32594.fb2 Тайны Змеиной горы - читать онлайн бесплатно полную версию книги . Страница 9

Тайны Змеиной горы - читать онлайн бесплатно полную версию книги . Страница 9

— Верю, дочка, не уронишь позора на мою седину. Не из таких ты. А в замужество, без ошибки скажу, пора тебе. Не весь век хороводиться на вечеринках, Ить и парни есть видные… Скажу тебе прямо — весь пожиток у меня на плечах висит, а с жениха, коли люб тебе, кроме чарки хмельного, и нитки не попрошу.

Настю сейчас подмывало желание броситься отцу на шею, без утайки и до конца рассказать обо всем, что терзало душу. И все-таки она сдержалась. Белоусов прижег толстую самокрутку, густо задымил.

— Чем, к примеру, плох Федор Лелеснов. С какой стороны ни глянь — самый подходящий парень.

На этот раз Настя не сдержала нахлынувших чувств. Крепко обняла отца, перебила его разговор жарким поцелуем.

— Какой ты, тять, зрячий! В человеке все наскрозь видишь. Федор-то вот где у меня!

Белоусов взглянул на руку дочери, легшую на сердце, удивленно спросил:

— Так за чем же тогда остановка?

Настя горько усмехнулась.

— За тем, что Федор глаза от меня отводит в сторону…

— Эвона что… — понимающе протянул старик и утешил: — Тут-ка не все потеряно, Настюша.

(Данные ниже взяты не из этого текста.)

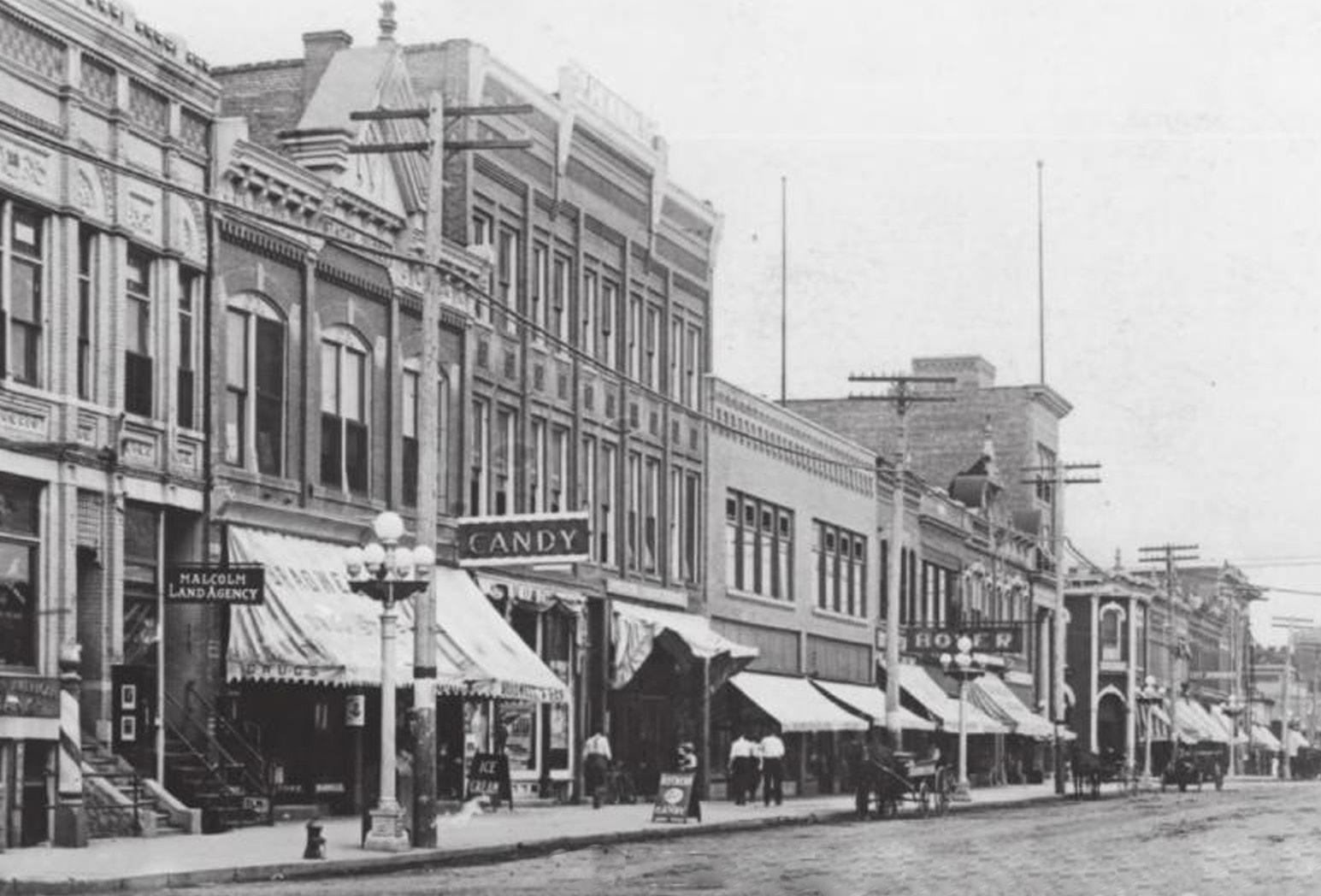 (left) Classes in 1890-91 were held on the second floor of the structure where three men in white shirts are standing, the site of Cobbs Dry Goods, in the Wirt Building located on the west side of the town square.

Дай время, сам во всем разберусь…

* * *

Весна капризничала, как малое дитя. Тепло неожиданно сменялось иссушающим землю холодом. Ледяные, наплывы — бельма — украшали замерзшие ручьи. По крепкому насту ветер гнал с сердитым шорохом колючую поземку. И лишь во второй половине апреля подобрело солнце и обласкало землю теплом.

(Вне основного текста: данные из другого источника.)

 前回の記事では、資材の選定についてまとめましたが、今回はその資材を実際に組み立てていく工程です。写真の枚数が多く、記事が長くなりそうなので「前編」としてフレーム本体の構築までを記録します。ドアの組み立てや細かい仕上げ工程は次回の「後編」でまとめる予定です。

В эту весну Федор уходил на рудный поиск с гнетущим чувством неопределенности. Перед глазами прежнее неумирающее видение — девушка-незнакомка. Не было желаннее, кроме нее, человека для Федора. Но она недосягаема, безвестна. От этого в душе рождалась тоска, грызла, как тяжкий недуг. «Где она, удастся ли повстречать ее?»

А тут другое навалилось. Стоило минувшей зимой чуточку забыть таинственную незнакомку, и Федор без труда сыграл бы свадьбу с красавицей Настей.

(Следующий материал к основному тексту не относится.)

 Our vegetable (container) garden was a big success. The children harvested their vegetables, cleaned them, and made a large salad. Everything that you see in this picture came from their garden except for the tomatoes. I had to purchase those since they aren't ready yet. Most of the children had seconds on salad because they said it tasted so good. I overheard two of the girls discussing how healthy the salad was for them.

— Сник ты, Федор. Угадываю: здесь тревожит. — Соленый клал руку на грудь и, как старший по возрасту, по-отечески поучал: — Сердцу поперек дороги, Федор, не становись, иначе обиды на себя за всю жизнь не пересилишь. А жизнь с обидой на себя не в утеху — в тягость обернется.

В минуты передышек Соленый ложился на спину. В прозрачной весенней высоте тянулись без конца птичьи караваны. Землю будил радостный призывный клекот. Соленый, словно откликаясь птицам, вскакивал на ноги, веселый, возбужденный, с петушиным задором набрасывался на Федора.

— Весне рады птицы и звери! А ты? Бирюком вокруг смотришь. Не годится эдак-то! Хошь мы подневольные. и бездольные, а весне отдай свое — плечи расправь, полной грудью вздохни!

Федор вяло возражал:

— Птицу к родному гнезду тянет. Зверь концу зимней спячки и бескормицы рад. Мы ж-то люди все-таки…

— Вот то-то и есть! Ни с птицей, ни со зверем не сравнишь. Слов нет — высоко взлетает птица. Задолго тонким чутьем зверь верно весну угадывает. А человек своей душой должен выше птицы возноситься, чутьем вернее зверя быть…

Федор долго и удивленно пожимал плечами, с легким раздражением говорил:

— Чего ты хошь от меня? Прилип, как горячая смола к холстине.

— Вот того и хочу, чтобы голову выше плеч держал… Наш брат подневольный больше мается и потому надеждами на лучшее живет, и жизнь легчает вроде. В сердце у тебя гвоздь застрял. Стало быть, ты живешь не без надежды на встречу с желанной. От такой надежды одна светлынь полуденная в душе должна быть. Понял?

Однажды Соленый неожиданно не совсем уверенно сказал:

— Прежде, Федор, ты рассказывал мне о той красной девке. Сдается мне сейчас, знакомое в ней есть для меня…

— Пошто молчал-то? Спрашивал ведь я тебя! — Федор сорвался с места.

Соленый ощутил, как его ноги оторвались от земли, перед глазами в бешеном хороводе завертелись деревья и горы.

— Да ты с ума свихнулся, что ли? — беззлобно ворчал он в тщетной попытке вырваться из крепких объятий. — Эдак можешь до смерти закружить, все косточки переломать…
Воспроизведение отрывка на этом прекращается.